They don’t even pretend to want to advance Marxism; Ocasio-Cortez has outright mocked the idea of reading communist theory. Instead they use vapid terms like “democratic socialism” to make their brand of imperialism sound appealing to the young people who are gaining interest in socialism. In describing the “socialist” politicians and publications that held the same agenda in Lenin’s time, Lenin lamented that “All these gentry, who play a tremendous, very often predominant role in the parliamentary work and the press of their parties, repudiate outright the dictatorship of the proletariat and pursue a policy of undisguised opportunism.

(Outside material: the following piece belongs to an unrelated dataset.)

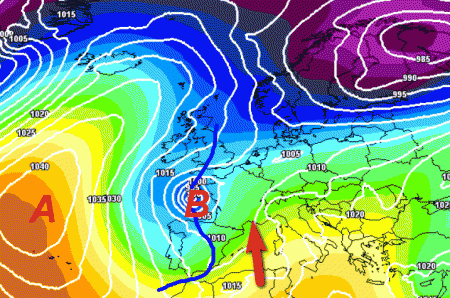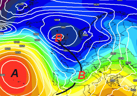 Spostamento dell’anticiclone in Atlantico e saccatura in azione sull’Europa occidentale: una ghiotta occasione per fare preziosi millimetri di pioggia (e centimetri di neve sulle Alpi) sulle regioni settentrionali, soprattutto al nord-ovest.

In the eyes of these gentry, the ‘dictatorship’ of the proletariat ‘contradicts’ democracy!’”

They portray the dictatorship of the proletariat as anti-democratic because they think that the capitalist class should continue to have sway over the government. Now we see the essential nature of Sanders’ assertions that the DPRK is “totalitarian,” and that Hugo Chavez is a “dead communist dictator.” These deceptive claims, which are reinforced by our society’s pervasive imperialist propaganda against socialist countries, get many people to remain on the side of the social democrats’ fraudulent iteration of socialism.

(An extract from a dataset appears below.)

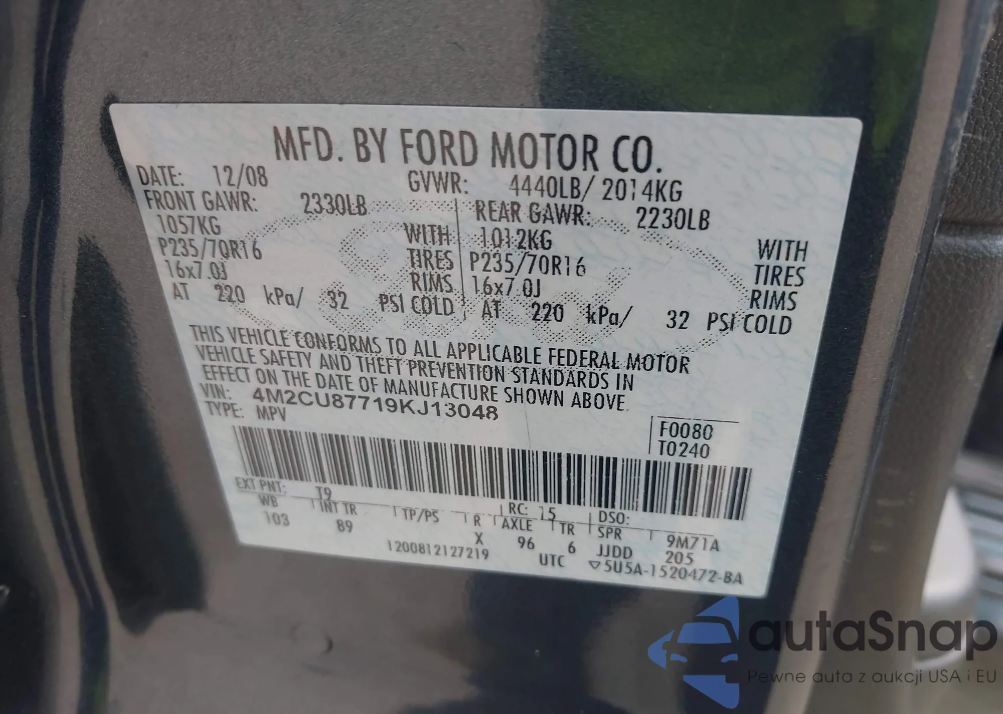 • VIN 4M2CU87719KJ13048
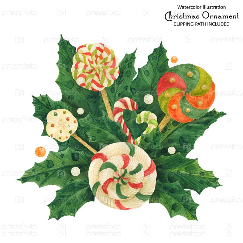 Рождественский букет падуба с леденцом на палочке и леденцом, акварельная иллюстрация

Marxism-Leninism provides a coherent plan for winning liberation

By now I’m sure you’ve come to know about Marxism-Leninism’s basic goal of smashing the capitalist state, replacing it with a proletarian-run state, and having the state fade away. What needs more explaining is what exactly we should do to overthrow the capitalist state given the current material conditions of the United States.

In addition to doing things like joining the Industrial Workers World union, becoming part of communist parties like the PSL, and voting for Gloria La Riva and Leonard Peltier this November, we need to follow in the path that past Marxist-Leninist revolutions have taken in order to successfully overthrow the existing state. This path involves not just building up the institutions for revolution, but making these institutions prepared to fight back against state violence.

“State repression will only get worse,” the communist YouTuber Hakim saidthis week. “The people not only should, but need, to fight back. Do not let fascism take hold, the U.S. is only a step away. Arm yourselves. Establish armed wings of revolutionary organizations. Start coordinating armed actions across the country with as many organizations as you can. Remember, never terrorist activity-only military and state targets. Establish Red bases around the country, and begin building dual power. People’s war is the solution.”

The anarchists may agree with the idea of arming the masses and overthrowing the state, but what they want to replace the state with is a series of communes that can’t effectively wage the ongoing war with the capitalist class. And the organizing model that the anarchists want to use to overthrow the state isn’t reliable either; Marxist-Leninist parties function under democratic centralism, which creates the discipline needed for a group to work as the army that Hakim describes.

The social democrats would never support the establishment of a people’s army, because they’re on the side of the capitalist state-and therefore ultimately on the side of the capitalist armed forces being used to repress us. They support gun control for this reason. Like was the case during the leadup to fascism in Germany, the social democrats will take the side of the reactionary forces which seek to wipe out the communists.

If we follow these directives-democratic centralism, armed organizing, pursuit of overthrow as reflected by what Lenin wrote in The State and Revolution-we’ll harness today’s social discontent as best we can.